Data records
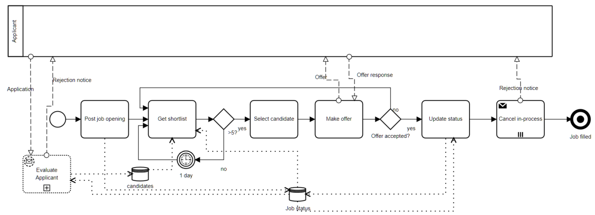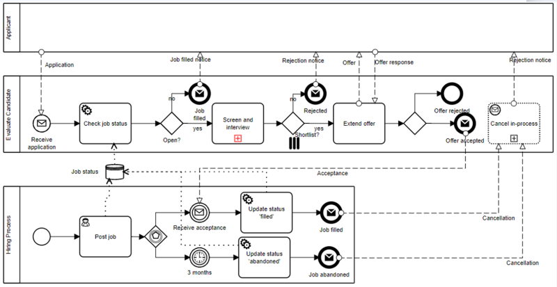 Here there is one instance of Hiring Process for N instances of Evaluate Candidate, so the latter has the multi-participant marker. Hiring Process starts manually when the job is posted and ends when either the job is filled or the posting expires unfilled after three months. Each instance of Evaluate Candidate starts when the application is received, and there are various ways it could end. It could end right at the start if the job is already filled, since before the instance is routed to any person, the process checks a datastore for the current status of the job opening. It could end after Screen and interview if the candidate is rejected. If an offer is extended, it could end if the candidate rejects the offer, or successfully if the offer is accepted. And there is one more way: Each running instance could be terminated in a Message event subprocess upon receiving notice from Hiring Process that the posting is either filled or canceled. While not perfect, this BPMN model illustrates instance alignment between multiple processes working in concert, including how information is communicated between them via messages and shared data.
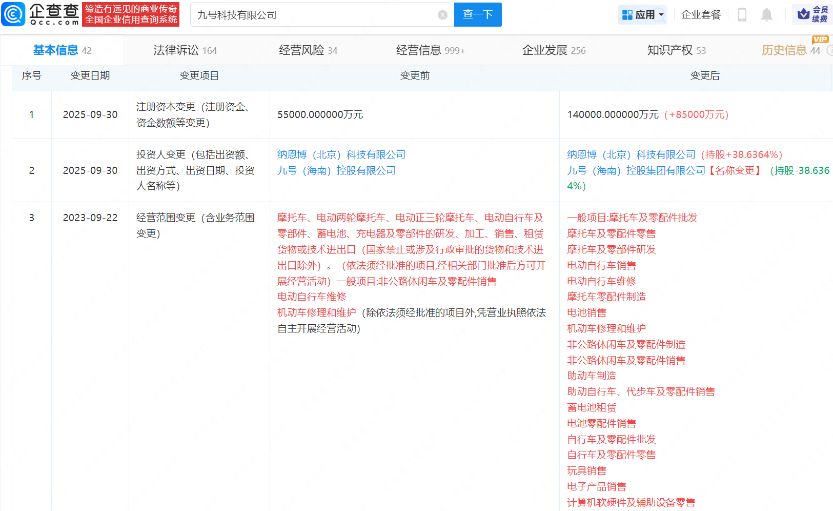 企查查APP显示,近日,九号科技有限公司发生工商变更,注册资本由5.5亿元增至14亿元,增幅约155%。企查查信息显示,该公司成立于2018年9月,法定代表人为张珍源,经营范围包含摩托车及零配件批发、助动车制造、电子产品销售等,由纳恩博(北京)科技有限公司、九号(海南)控股集团有限公司共同持股。
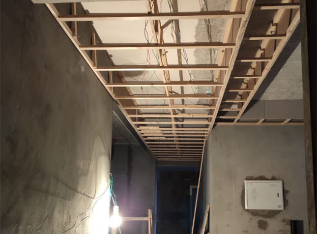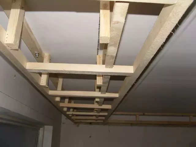 木龙骨加工好后,再根据吊顶造型与受力分布,把龙骨组装在天花上,然后板材就可以用螺丝装在龙骨上了。
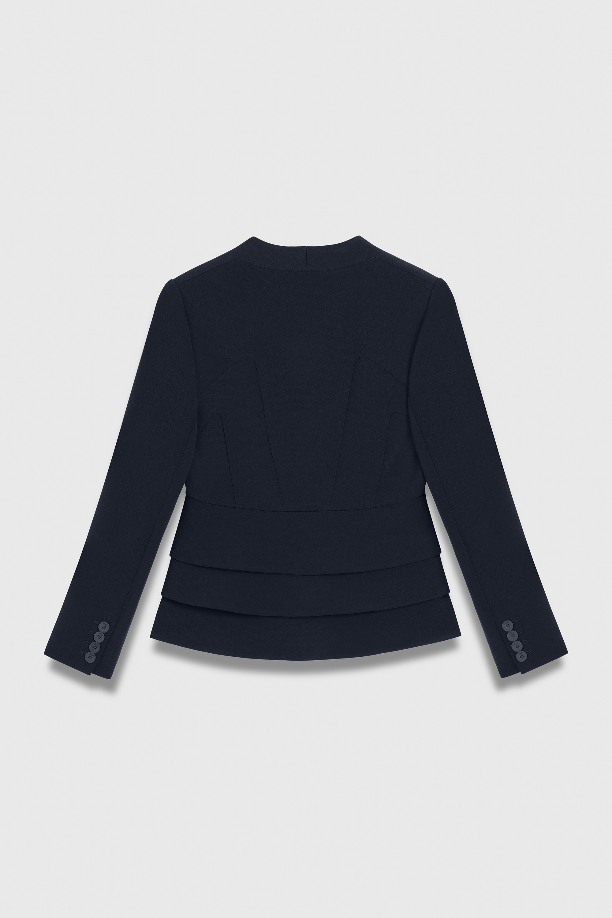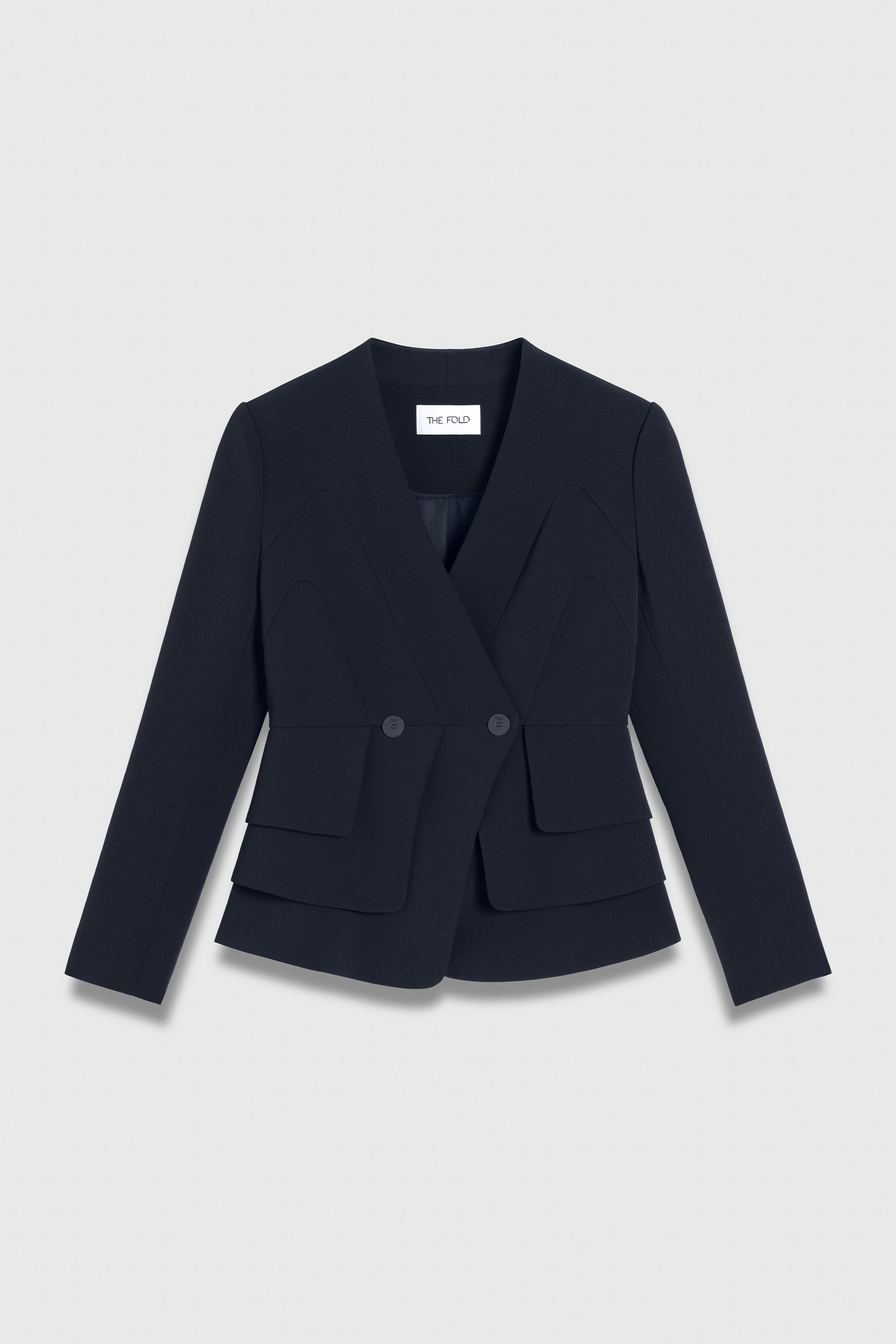 Cut to a double-breasted silhouette with a small wrap, the Henley has enough coverage to be worn open over blouses or closed as a top. Flat seams create a moulded hourglass silhouette, while its cutaway peplum adds volume at the hips. Wear yours with our Adelaide trousers.
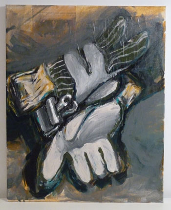 If you can’t discern…it’s a still life of gardening gloves and a binder clip. Don’t ask me what that melange means. Anyway, I was trying to keep it fairly abstract, but my teacher kept prompting me to “fix” it so that it looked more “correct”. I guess my abstraction wasn’t capturing the essence of the forms as much as when I just caved in and tried to paint the objects, albeit in a messy way. The majority of this painting was done with a small paintbrush, like the flat kind that you get in a hardware store to paint the trim on your door or something. I like the marks that this kind of brush gives. I’m generally happy with it, although I’m still scratching my head how as to be more “abstract”. Why, you ask, am I trying that? I just like abstract art over realistic art. I’m naturally wow-ed by anyone who can paint in a photographic manner. But, I don’t like that kind of art, really. I like abstraction. Thus, I am continuously attempting to move in that direction.
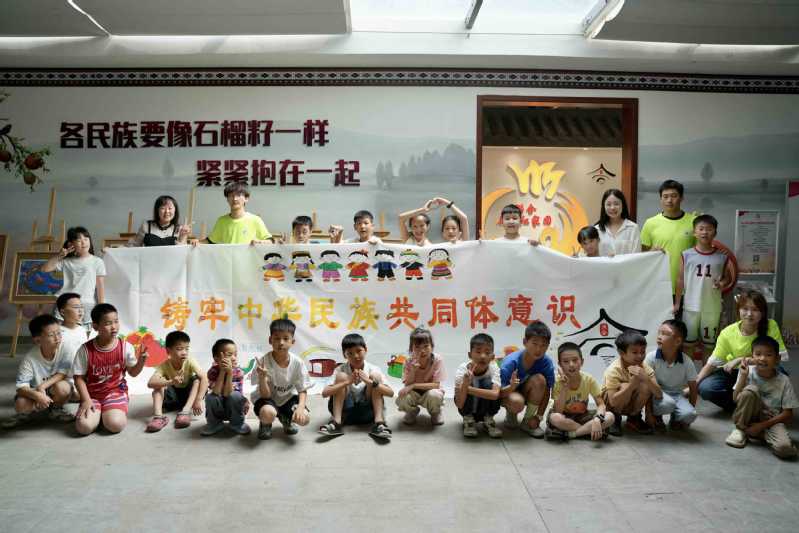 在方里村,团队通过手绘木制特色服饰挂件,在动手实践中感受中华文化的多样性与包容性。在洪合镇,与小朋友们共绘长达五米的“铸牢中华民族共同体意识”主题画卷——“红船”象征初心使命、“石榴”寓意民族团结、“粽子”承载地域文化、“恐龙”启迪探索精神、手牵手的民族人物形象,更传递了“中华民族一家亲”的情感纽带。团队成员还带领小朋友们走进非遗文化的世界,亲手制作非遗宋锦珍珠团扇。
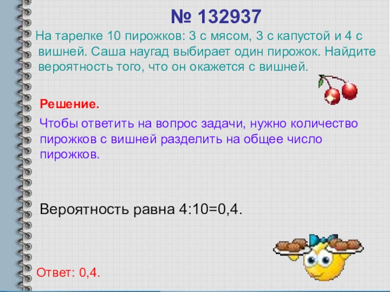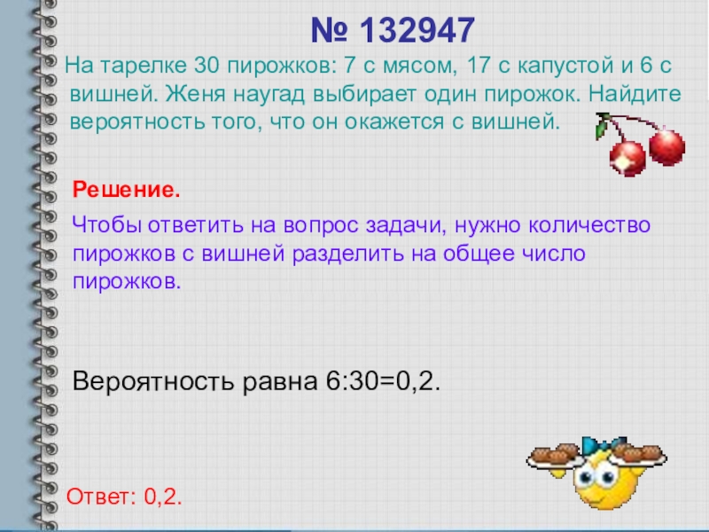 Чтобы ответить на вопрос задачи, нужно количество пирожков с вишней разделить на общее число пирожков.
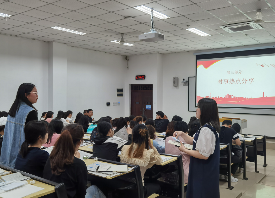 活动伊始,学生第三党支部的马承文同学以“致敬挺身而出的普通人”为题,围绕逆行者、人民英雄等关键词,讲述了挺身而出的普通人的故事。在火场中为营救被困群众而不幸英勇牺牲的消防员欧保尔、韦吉德,将青春的身影定格成了冲锋的姿态;在“8·12天津滨海新区爆炸事故”中全部壮烈牺牲的天津港消防支队五大队,将他们的生命定格在了漫天火光中。还有永不坠落的扶贫志吴国良、冲锋陷阵的“瘦弱将军”肖云峰、“一封群众的请愿书”高克强......他们在平凡的岗位上铸就了生命的精彩华章,擦亮了道德星空,树起了时代标杆,挺直了民族脊梁。时政热点分享环节,同学们各抒己见,积极参与到讨论当中。跪地做心肺复苏连救3人的重庆女医生,让同学们感受到了英雄不过是普通人的挺身而出。“动态清零”总方针,让同学们明白了疫情形势依然严峻复杂,遵守防疫抗疫要求是每一个人的义务与责任。

§ **Action item**:
Pictures are to be left out when the entries above are repeated exactly.

§ **Result below**:
 Here there is one instance of Hiring Process for N instances of Evaluate Candidate, so the latter has the multi-participant marker. Hiring Process starts manually when the job is posted and ends when either the job is filled or the posting expires unfilled after three months. Each instance of Evaluate Candidate starts when the application is received, and there are various ways it could end. It could end right at the start if the job is already filled, since before the instance is routed to any person, the process checks a datastore for the current status of the job opening. It could end after Screen and interview if the candidate is rejected. If an offer is extended, it could end if the candidate rejects the offer, or successfully if the offer is accepted. And there is one more way: Each running instance could be terminated in a Message event subprocess upon receiving notice from Hiring Process that the posting is either filled or canceled. While not perfect, this BPMN model illustrates instance alignment between multiple processes working in concert, including how information is communicated between them via messages and shared data.
 企查查APP显示,近日,九号科技有限公司发生工商变更,注册资本由5.5亿元增至14亿元,增幅约155%。企查查信息显示,该公司成立于2018年9月,法定代表人为张珍源,经营范围包含摩托车及零配件批发、助动车制造、电子产品销售等,由纳恩博(北京)科技有限公司、九号(海南)控股集团有限公司共同持股。
 木龙骨加工好后,再根据吊顶造型与受力分布,把龙骨组装在天花上,然后板材就可以用螺丝装在龙骨上了。
 Cut to a double-breasted silhouette with a small wrap, the Henley has enough coverage to be worn open over blouses or closed as a top. Flat seams create a moulded hourglass silhouette, while its cutaway peplum adds volume at the hips. Wear yours with our Adelaide trousers.
 If you can’t discern…it’s a still life of gardening gloves and a binder clip. Don’t ask me what that melange means. Anyway, I was trying to keep it fairly abstract, but my teacher kept prompting me to “fix” it so that it looked more “correct”. I guess my abstraction wasn’t capturing the essence of the forms as much as when I just caved in and tried to paint the objects, albeit in a messy way. The majority of this painting was done with a small paintbrush, like the flat kind that you get in a hardware store to paint the trim on your door or something. I like the marks that this kind of brush gives. I’m generally happy with it, although I’m still scratching my head how as to be more “abstract”. Why, you ask, am I trying that? I just like abstract art over realistic art. I’m naturally wow-ed by anyone who can paint in a photographic manner. But, I don’t like that kind of art, really. I like abstraction. Thus, I am continuously attempting to move in that direction.
 在方里村,团队通过手绘木制特色服饰挂件,在动手实践中感受中华文化的多样性与包容性。在洪合镇,与小朋友们共绘长达五米的“铸牢中华民族共同体意识”主题画卷——“红船”象征初心使命、“石榴”寓意民族团结、“粽子”承载地域文化、“恐龙”启迪探索精神、手牵手的民族人物形象,更传递了“中华民族一家亲”的情感纽带。团队成员还带领小朋友们走进非遗文化的世界,亲手制作非遗宋锦珍珠团扇。
 Чтобы ответить на вопрос задачи, нужно количество пирожков с вишней разделить на общее число пирожков.
 活动伊始,学生第三党支部的马承文同学以“致敬挺身而出的普通人”为题,围绕逆行者、人民英雄等关键词,讲述了挺身而出的普通人的故事。在火场中为营救被困群众而不幸英勇牺牲的消防员欧保尔、韦吉德,将青春的身影定格成了冲锋的姿态;在“8·12天津滨海新区爆炸事故”中全部壮烈牺牲的天津港消防支队五大队,将他们的生命定格在了漫天火光中。还有永不坠落的扶贫志吴国良、冲锋陷阵的“瘦弱将军”肖云峰、“一封群众的请愿书”高克强......他们在平凡的岗位上铸就了生命的精彩华章,擦亮了道德星空,树起了时代标杆,挺直了民族脊梁。时政热点分享环节,同学们各抒己见,积极参与到讨论当中。跪地做心肺复苏连救3人的重庆女医生,让同学们感受到了英雄不过是普通人的挺身而出。“动态清零”总方针,让同学们明白了疫情形势依然严峻复杂,遵守防疫抗疫要求是每一个人的义务与责任。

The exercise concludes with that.